Americans are cutting back on retirement savings for a variety of reasons, but most reasons cluster around one of a few broad areas.

The top reasons cited include the following:

  • 62 percent cited loss of income.
  • 33 percent said they wanted to keep more cash on hand.
  • Additional expenses were cited by 20 percent.
  • About 18 percent said they needed to help adult family members financially.
  • 17 percent noted they had additional debt.
  • Nearly 6 percent cited none of the reasons.
  • About 2 percent cited other reasons, including being unemployed, a decreased or eliminated 401(k) match from an employer, the cost of food and maternity leave.

Americans are tapping retirement savings to replace lost income

To replace their lost income, Americans are hitting their retirement savings, a move that may alleviate momentary concerns but has the potential to create long-term problems.

More than 27 percent of those working or recently unemployed have already tapped into their retirement savings (14 percent) or plan to use it (13 percent) as a source of immediate income during the crisis.

“This is most pronounced among younger households, who may miss out on decades of future compounding if forced to turn to their retirement savings during these trying times,” says McBride.

About 50 percent of the recently unemployed with retirement savings have already hit up their account for money or plan to do so, compared to 22 percent of the currently employed.

About 20 percent of millennials and Generation Z with retirement savings have already used some to replace their income since the coronavirus crisis started. That compares with 8 percent of Generation X and nearly 10 percent of boomers.

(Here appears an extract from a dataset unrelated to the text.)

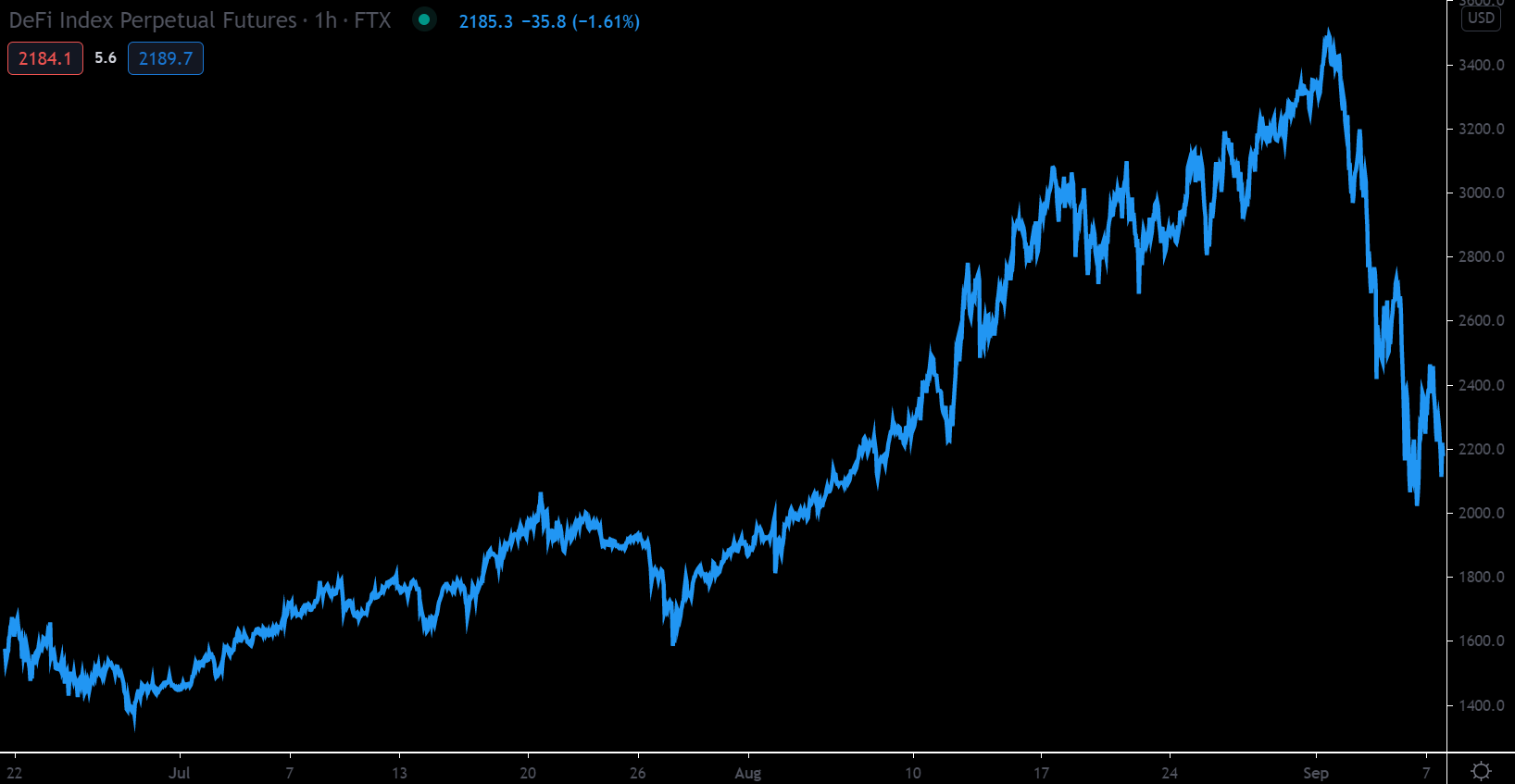 เนื่องจาก DeFi มีความเกี่ยวข้องกับระบบการเงินที่บางธุรกรรมก็ยังมีความซับซ้อนในตัวของมันเอง อีกทั้งยังเป็นเรื่องใหม่ที่เกี่ยวกับเทคโนโลยี ทำให้การจะเข้าไปศึกษา เข้าไปตรวจสอบ จำเป็นต้องมีพื้นความรู้ในเรื่องของเทคโนโลยีใหม่ เช่น Blockchain , Smart Contract และเหรียญคริปโตอื่น ๆ ที่อาจต้องนำมาวางประกัน ฉะนั้นการจะเข้าสร้างโอกาสในการลงทุนนั้นอาจจะไม่ใช่เรื่องง่าย ไม่ว่าจะเข้ามาในระบบของ DeFi ผ่านแอปพลิเคชันไหนก็ตาม หรือเข้ามาเก็งกำไรเพื่อหาส่วนต่างราคา ทุกคนจำเป็นจะต้องศึกษาหาข้อมูลให้ดี เพราะการลงทุนในสินทรัพย์ดิจิทัล ก็เปรียบเหมือนการลงทุนในเทคโนโลยีใหม่ที่มีการเปลี่ยนแปลงตลอดเวลา อีกส่วนหนึ่งที่สำคัญมาก ๆ เลยก็คือ ราคาของเหรียญที่เกี่ยวกับ DeFi ถูกไล่ราคาขึ้นมาสูงมากในระยะเวลาสั้น ๆ นั่นแปลว่าหากเราไม่ดูตาม้าตาเรือ เข้าผิดที่ผิดทางก็อาจจะเสียหายหนักได้เลยนะครับ ก่อนจะจบบทความนี้ ผมอยากจะแชร์ Basket of Decentralized Finance หรือก็คือการเอาเหรียญแต่ละเหรียญใน DeFi มารวมกันแล้วคำนวณด้วยวิธีถ่วงน้ำหนักออกมาเป็นดัชนีที่ชื่อว่า DeFi Index Perpetual Futures คือสัญญาซื้อขายล่วงหน้าแบบ Continue ที่อ้างอิงกับเหรียญ DeFi ซึ่งเราสามารถติดตามภาพรวมของ DeFi ได้อย่างใกล้ชิดว่าราคาของเป็นอย่างไร ช่วงไหนได้รับความนิยม ช่วงไหนราคาถูกเทขายอย่างรุนแรงเพื่อเป็นการศึกษาและประกอบการตัดสินใจครับ

In total, more than 45 percent of Generation Z and nearly 38 percent of millennials have used a retirement account for money or plan to do so. Those figures compare to more than 18 percent of Generation X and more than 14 percent of boomers.

Lower-earning households tended to be more likely to use retirement accounts than higher-earning households, with one notable exception:

  • The lowest income households (less than $30,000) were most likely to tap retirement accounts, with almost 45 percent saying they had done so or planned to do so.
  • About 30 percent of households earning between $30,000 and $49,999 said they had used retirement savings or would do so.
  • Nearly 34 percent of households making between $50,000 and $79,999 said that they had used retirement savings or planned to do so.
  • Less than 17 percent of households earning $80,000 or more had used retirement savings or planned to do so.

Methodology

This study was conducted for Bankrate via online interview by YouGov. Interviews were conducted from May 13 – May 15, 2020 among a sample of 1,326 adults. Data are weighted and are intended to be representative of all U.S. adults, and therefore are subject to statistical errors typically associated with sample-based information.